**Records to use:**
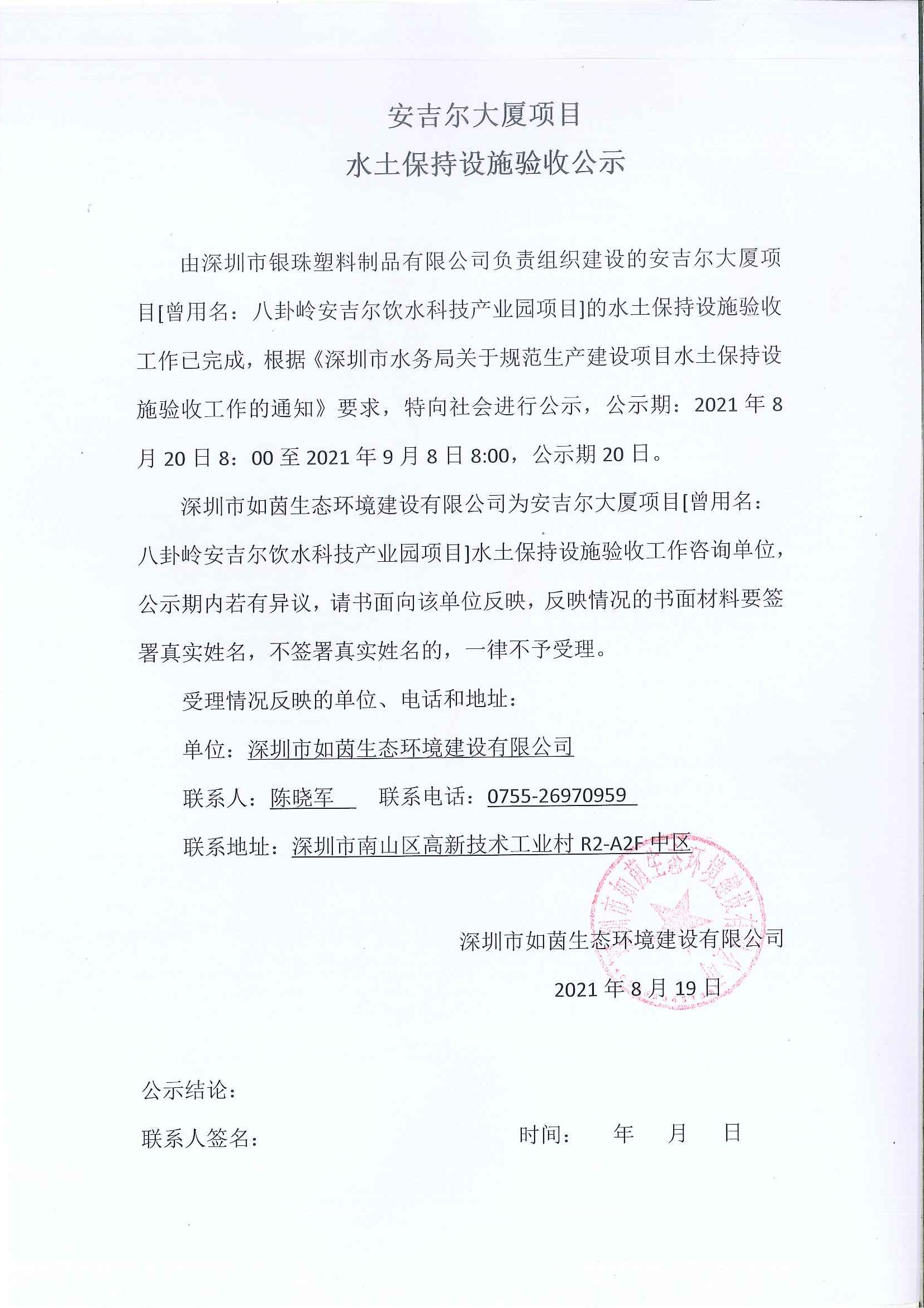 查看更多 >>由深圳市银珠塑料制品有限公司负责组织建设的安吉尔大厦项目[曾用名:八卦岭安吉尔饮水科技产业园项目]的水土保持设施验收工作已完成,根据《深圳市水务局关于规范生产建设项目水土保持设施验收工作...
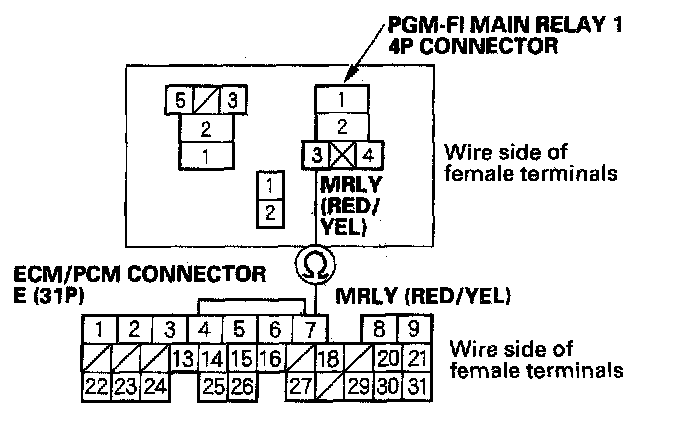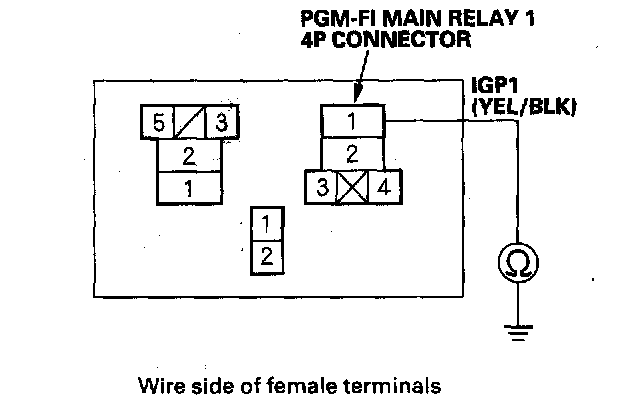 21. Check for continuity between PGM-FI main relay 1 4P connector terminal No.1 and body ground.
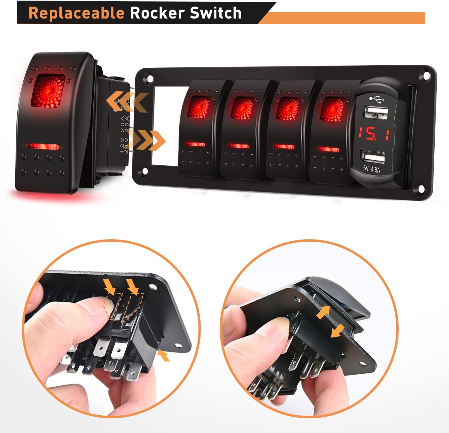 - Multi-function designed: this switch panel is integrated with 5 rocker switches and 4.8A dual USB charger with voltmeter. suitable for most 12v-24v dc cars, utvs, atvs, trucks, trailers, rvs, caravans, buses, marine boats, yachts etc.
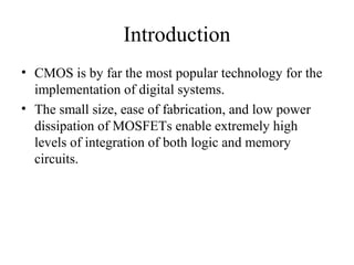 This document discusses CMOS logic circuits. It begins by explaining that CMOS is the dominant technology for digital circuits due to its low power dissipation. It then discusses the structure and operation of the basic CMOS inverter circuit. Key points include that CMOS circuits use complementary NMOS and PMOS transistors to switch the output between power and ground with very low static power. The document also discusses parameters for characterizing logic circuits like propagation delay and noise margins. It describes how to synthesize more complex CMOS gates from their Boolean expressions by constructing pull-down and pull-up networks. Specific gates like NOR, NAND, and XOR are analyzed. Transistor sizing is also covered to ensure adequate driving capability.
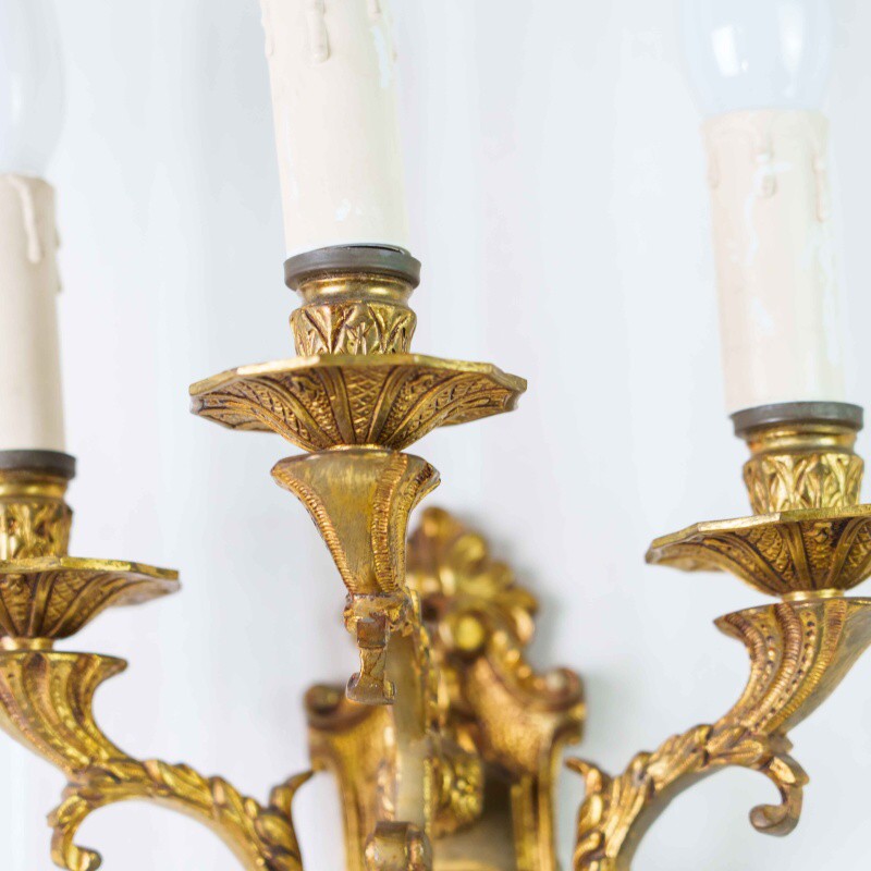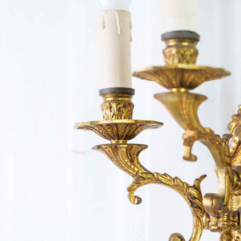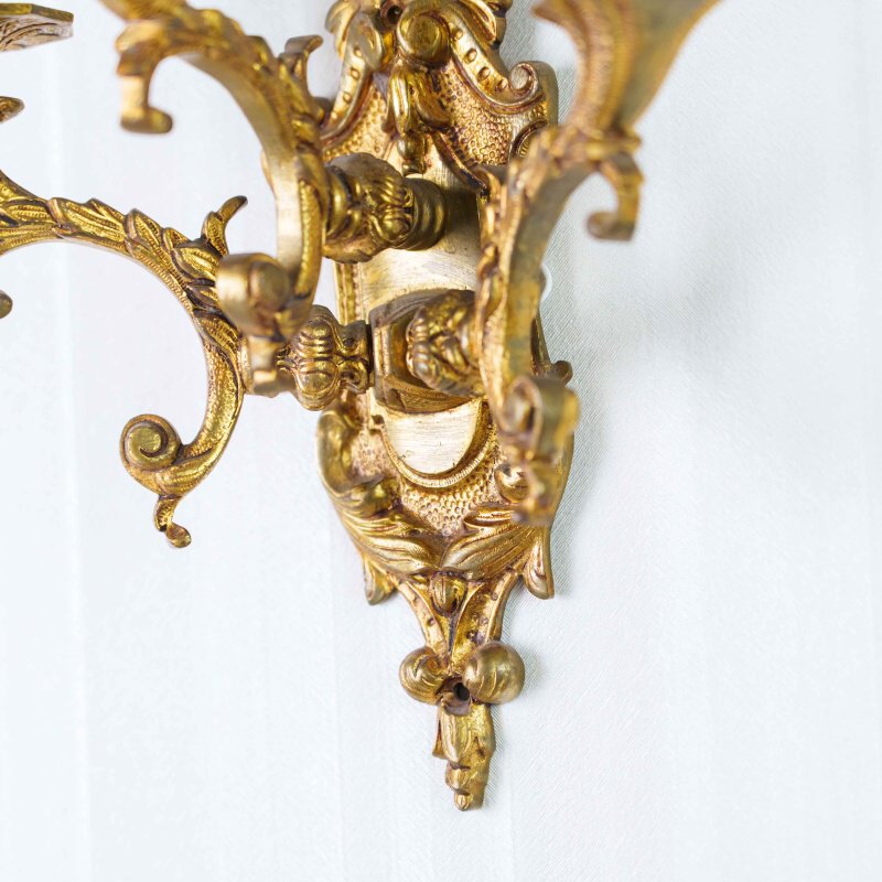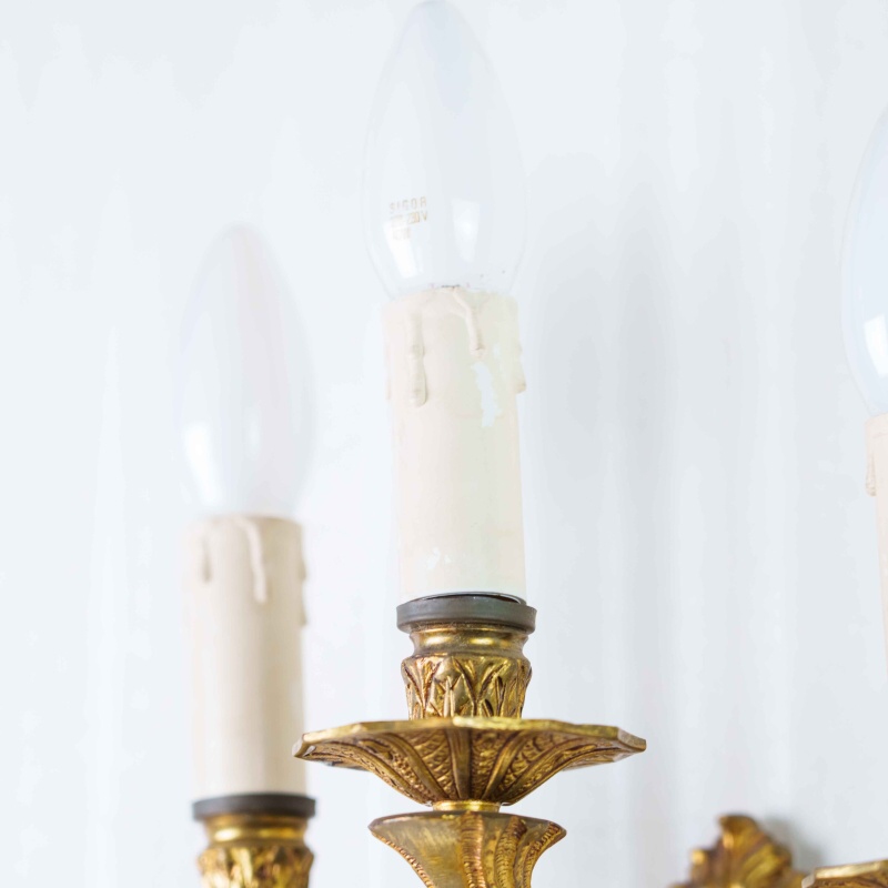 Материал Бронза, позолота. Декор: рельефные орнаменты, гирлянды, стилизация под свечи. Состояние отличное, с лёгкой благородной патиной времени.
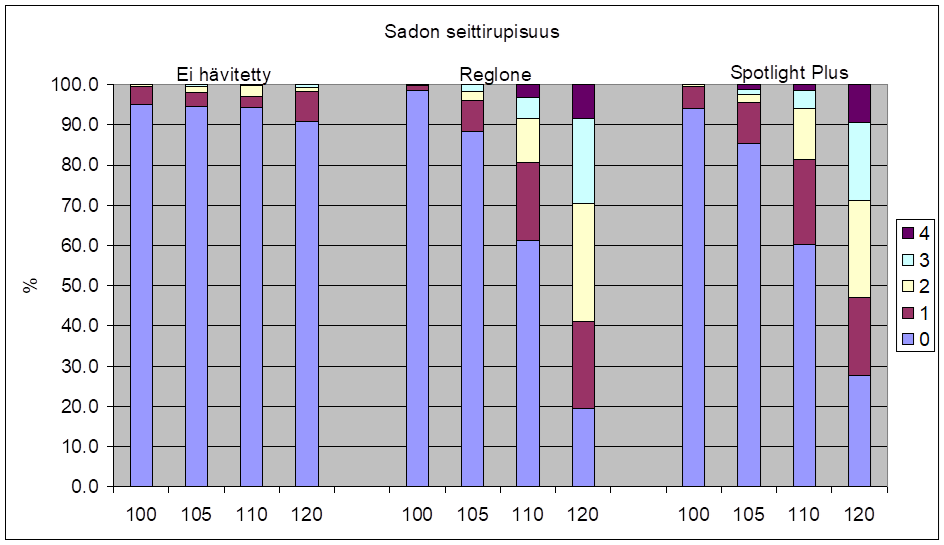 Kuva 8. Perunansiemenen seittirupisuuden vaikutus sadon

**Assignment:**
Your reply should be the lines of the records from the start through the line with "21. Check for", copied word for word, pictures omitted.

**Written response:**
 查看更多 >>由深圳市银珠塑料制品有限公司负责组织建设的安吉尔大厦项目[曾用名:八卦岭安吉尔饮水科技产业园项目]的水土保持设施验收工作已完成,根据《深圳市水务局关于规范生产建设项目水土保持设施验收工作...
 21. Check for continuity between PGM-FI main relay 1 4P connector terminal No.1 and body ground.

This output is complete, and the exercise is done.